» PROMPT
Only one stretch of the material below is wanted: everything from the line containing "437 - وصلاة" down to the line containing "开服25天,且角色50级即可", both ends included. Repeat it exactly and skip the pictures.

» DATA EXCERPTS
■ ■ ■ ■ ■

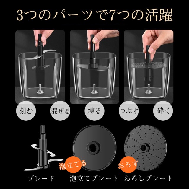 フードプロセッサー 電動 小型 ブレンダー ミキサー カプセルカッター 氷も砕ける おろし器 ホイップ 家庭用 離乳食 みじん切り
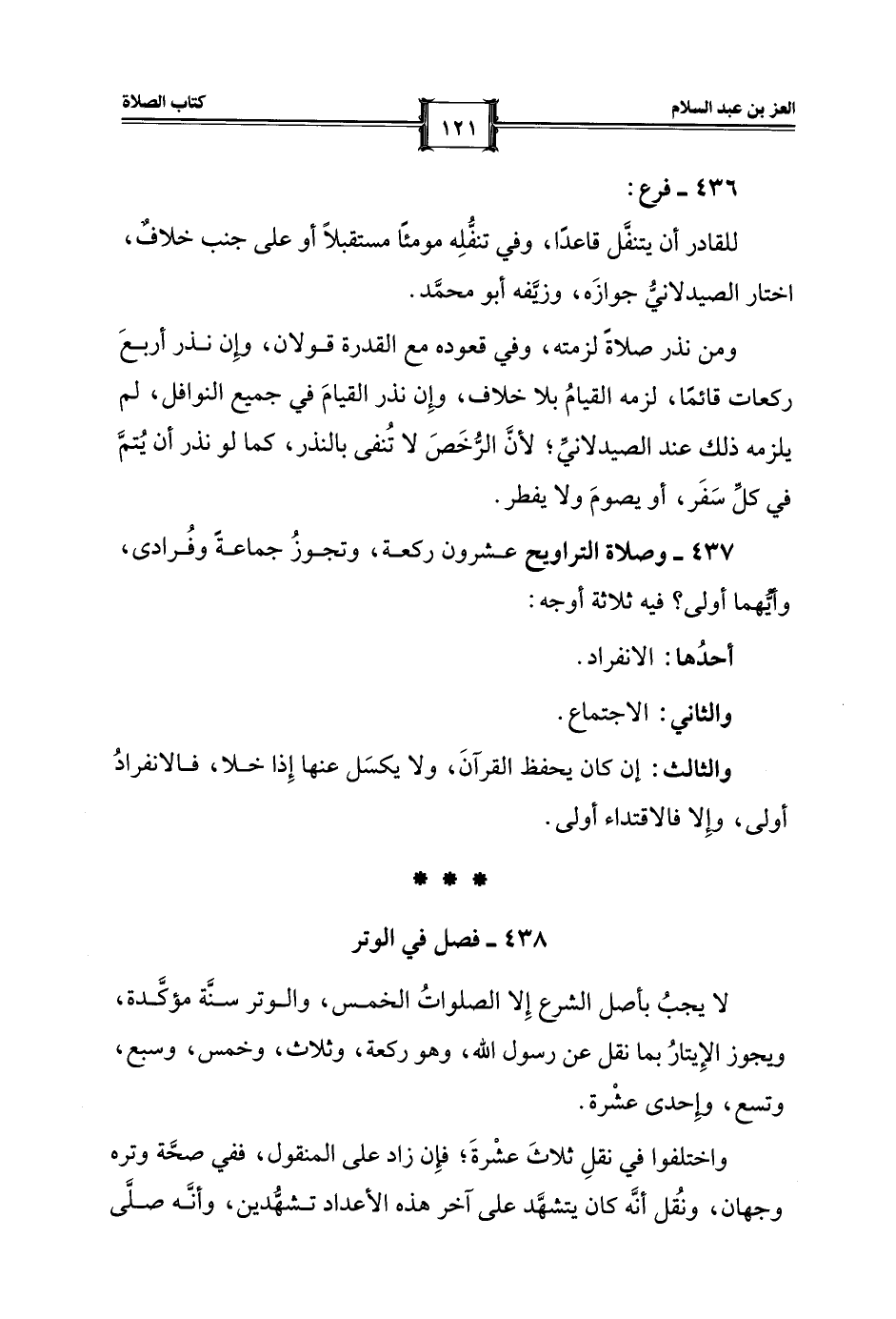 437 - وصلاة التراويح عشرون ركعة، وتجوزُ جماعة وفُرادى، وأيُّهما أولى؟ فيه ثلاثة أوجه:
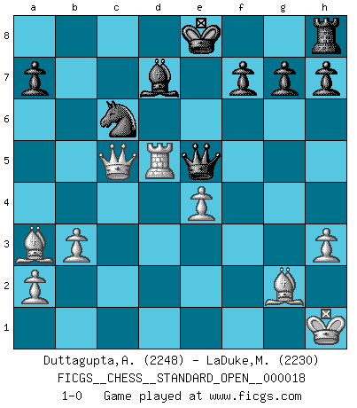 Last move : 1-0 2024 July 26 1:29:41 [Event "FICGS__CHESS__STANDARD_OPEN__000018"] [Site "FICGS"] [Date "2024.05.19"] [Round "1"] [White "Duttagupta,Aniruddha"] [Black "LaDuke,Matt"] [Result "1-0"] [WhiteElo "2248"] [BlackElo "2230"] 1.Nf3 Nf6 2.b3 d5 3.Bb2 Bf5 4.g3 c5 5.Bg2 Nc6 6.d3 Qc7 7.O-O Rd8 8.Qe1 e5 9.e4 dxe4 10.dxe4 Bg4 11.Na3 Nd4 12.Nxd4 cxd4 13.h3 Bd7 14.f4 b6 15.fxe5 Bxa3 16.Bxa3 Qxe5 17.Rd1 Be6 18.Qb4 Rd7 19.Rf3 Nh5 20.c3 Nxg3 21.cxd4 Ne2+ 22.Kh1 Nxd4 23.Rfd3 Nc6 24.Qa4 b5 25.Qa6 Qc7 26.Qxb5 Rxd3 27.Rxd3 Bd7 28.Qc5 Qe5 29.Rd5 1-0 Follow this game move after move (download)There is only one thing Fischer does in Chess without pleasure: to lose ! (Boris Spassky) Zum Sieg gelangt man nicht, wenn man gut, sondern nur wenn man besser spielt (Savielly Grigorievitsch Tartakower) Si pudieramos observar el interior de la cabeza de un jugador de Ajedrez, encontraríamos ahí un mundo lleno de sentimientos, imágenes, ideas, emoción y pasión. (Alfred Binet) Le thème de l'attaque double intervient d'une manière ou d'une autre dans l'immense majorité des combinaisons. (Youri Averbakh) Unless in communicating with it one says exactly what one means, trouble is bound to result. (Alan Turing, about computers)
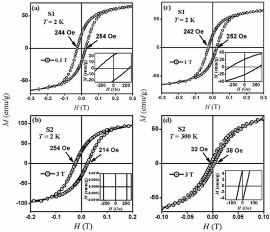 Selected M-H hysteresis loops for samples S1 and S2 are shown in Figure 6. For sample S1, the M-H hysteresis loops are shown at 2 K at field-cooling values of 0.5 and 1 T. For sample S2, the M-H hysteresis loops are shown at field cooling value of 3 T at 2 and 300 K. Typical hysteresis loops were obtained at other temperatures and HFC values for all samples.
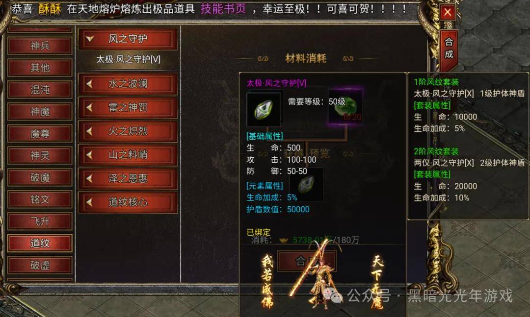 开服25天,且角色50级即可开放道纹系统。道纹共有风之守护、水之波澜、雷之神罚、火之烈焰、山之料峭和泽之恩惠六种道纹类型。每种道纹都拥有独特的属性和效果,按照前缀名不同,有太极、两仪、三才、四象、五行、六芒、七星、八卦、九宫、十方10种
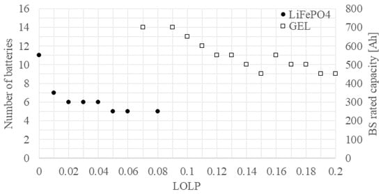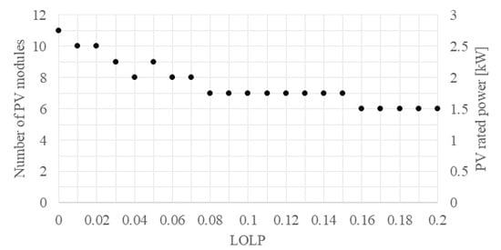 To cover electricity demand during the entire simulation period, 11 PV modules (Figure 5) and 11 LiFePO4 batteries (Figure 6) are required. Increasing the initial LOLP to 0.01 reduces the requirement to 10 PV modules and 7 LiFePO4 batteries, which is 4 batteries fewer than when LOLP = 0. With further increases in the initial LOLP, the number of required components generally decreases, although there are exceptions. When the initial LOLP is 0.04, eight PV modules and six LiFePO4 batteries are required, and when the initial LOLP is 0.05, nine PV modules and five LiFePO4 batteries are required, because the cost of an additional PV module is lower than the cost of one LiFePO4 battery. For initial LOLP values between 0.08 and 0.15, seven PV modules are required, while for values between 0.16 and 0.20, six PV modules are sufficient. The number of batteries decreases to 9 at at LOLP = 0.15, but then increases again to 11 at LOLP = 0.16, because the cost of 2 gel batteries is lower than that of 1 PV module. A high-performance LiFePO4 battery is the optimal battery type at LOLP values up to 0.08, with the exception of an LOLP value of 0.07, when the gel battery is the optimal solution. At LOLP values above 0.08, a gel battery with lower performance, but also with a much lower price, is a more suitable battery type.

■ ■ ■ ■ ■

» THE ANSWER
 437 - وصلاة التراويح عشرون ركعة، وتجوزُ جماعة وفُرادى، وأيُّهما أولى؟ فيه ثلاثة أوجه:
 Last move : 1-0 2024 July 26 1:29:41 [Event "FICGS__CHESS__STANDARD_OPEN__000018"] [Site "FICGS"] [Date "2024.05.19"] [Round "1"] [White "Duttagupta,Aniruddha"] [Black "LaDuke,Matt"] [Result "1-0"] [WhiteElo "2248"] [BlackElo "2230"] 1.Nf3 Nf6 2.b3 d5 3.Bb2 Bf5 4.g3 c5 5.Bg2 Nc6 6.d3 Qc7 7.O-O Rd8 8.Qe1 e5 9.e4 dxe4 10.dxe4 Bg4 11.Na3 Nd4 12.Nxd4 cxd4 13.h3 Bd7 14.f4 b6 15.fxe5 Bxa3 16.Bxa3 Qxe5 17.Rd1 Be6 18.Qb4 Rd7 19.Rf3 Nh5 20.c3 Nxg3 21.cxd4 Ne2+ 22.Kh1 Nxd4 23.Rfd3 Nc6 24.Qa4 b5 25.Qa6 Qc7 26.Qxb5 Rxd3 27.Rxd3 Bd7 28.Qc5 Qe5 29.Rd5 1-0 Follow this game move after move (download)There is only one thing Fischer does in Chess without pleasure: to lose ! (Boris Spassky) Zum Sieg gelangt man nicht, wenn man gut, sondern nur wenn man besser spielt (Savielly Grigorievitsch Tartakower) Si pudieramos observar el interior de la cabeza de un jugador de Ajedrez, encontraríamos ahí un mundo lleno de sentimientos, imágenes, ideas, emoción y pasión. (Alfred Binet) Le thème de l'attaque double intervient d'une manière ou d'une autre dans l'immense majorité des combinaisons. (Youri Averbakh) Unless in communicating with it one says exactly what one means, trouble is bound to result. (Alan Turing, about computers)
 Selected M-H hysteresis loops for samples S1 and S2 are shown in Figure 6. For sample S1, the M-H hysteresis loops are shown at 2 K at field-cooling values of 0.5 and 1 T. For sample S2, the M-H hysteresis loops are shown at field cooling value of 3 T at 2 and 300 K. Typical hysteresis loops were obtained at other temperatures and HFC values for all samples.
 开服25天,且角色50级即可开放道纹系统。道纹共有风之守护、水之波澜、雷之神罚、火之烈焰、山之料峭和泽之恩惠六种道纹类型。每种道纹都拥有独特的属性和效果,按照前缀名不同,有太极、两仪、三才、四象、五行、六芒、七星、八卦、九宫、十方10种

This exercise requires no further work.